The study was conducted to investigate whether 2 mg cyproterone acetate (CPA) and 0.035 mg ethinyl estradiol (EE) film-coated tablet (Elzsa®) manufactured by PT. Sydna Farma was bioequivalent to its reference product, Diane®-35 sugar-coated tablet manufactured by Bayer Weimar GmbH, Germany, imported by PT. Bayer Indonesia, Depok, Indonesia.

Full description

Twenty four healty female subjects were given a single dose of Elzsa® FCT or or Diane®-35 with 240 mL of water.
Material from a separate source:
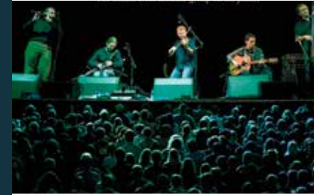
LUNASA Fri Mar 1 | 7:30pm | $20-$35 Lincoln Theatre Members receive $2 off.

The story takes place in 1950's Hell's Kitchen - New York city's notorious gangland battleground. We follow the two main characters, Tony, the founder of the Jets, and Maria, the sister of the leader of the rival gang, the Sharks. As the story unfolds, we follow the star-crossed lovers struggle to survive in a world of hate, violence and prejudice - creating one of the most innovative, heart-wrenching and relevant musical dramas of our time.

Then the blood samples for CPA and EE were drawn and analyzed using LCMS/MS. All subjects sample plasma were analyzed for pharmacokinetic evaluation

Enrollment

24 patients

Sex

Female

Ages

19 to 54 years old

Volunteers

Accepts Healthy Volunteers

Inclusion and exclusion criteria

Inclusion criteria

The inclusion criteria are healthy female subjects who/with:

have read the subject information and signed informed consent documents
age 18 - 55 years
body mass index between 18-25 kg/m2
have a normal electrocardiogram
blood pressure within normal range (90-120 mmHg for systolic blood pressure and 60-80 mmHg for diastolic blood pressure)
heart rate within normal range (60-100 bpm)
with absence of significant disease or clinically significant abnormal laboratory values on laboratory evaluation, medical history or physical examination during screening
pass hormone screening related to cyproterone acetate and ethinyl estradiol

Exclusion criteria

Any of the following criteria will exclude the subject from the study:

those who are pregnant and/or nursing woman.
those with history of hypersensitivity to cyproterone acetate and ethinyl estradiol or other oral contraception or other ingredients in the drugs or a history of serious allergic reaction to any drug, significant allergic disease, allergic reaction, or active allergic.
those with a history or presence medical condition which might significantly influence the pharmacokinetic of the study drug, e.g. chronic gastrointestinal disease, diarrhea, gastric surgery, renal insufficiency, hepatic dysfunction or cardiovascular disease.
those with a history or presence of any coagulation disorder or clinically significant hematology abnormalities, thrombophlebitis, and thromboembolic disorder.
those who are using any medication (prescription or non-prescription drug, food supplement, herbal medicine, oral contraception, anti-platelet drug), particularly the medication known to affect the pharmacokinetic of the study drug, within one week prior to the drug administration day.
those who have participated in any clinical study within 3 months prior to the study (< 90 days).
those who have donated or lost 300 ml (or more) of blood within 3 months prior to the study.
those who smoke.
those who are positive to HIV, HBsAg, and HCV tests (to be kept confidential).
those with a history of drug or alcohol abuse within 12 months prior to screening for this study.
those who are unlikely to comply with the protocol, e.g uncooperative attitude, inability to return for follow up visits, poor venous access.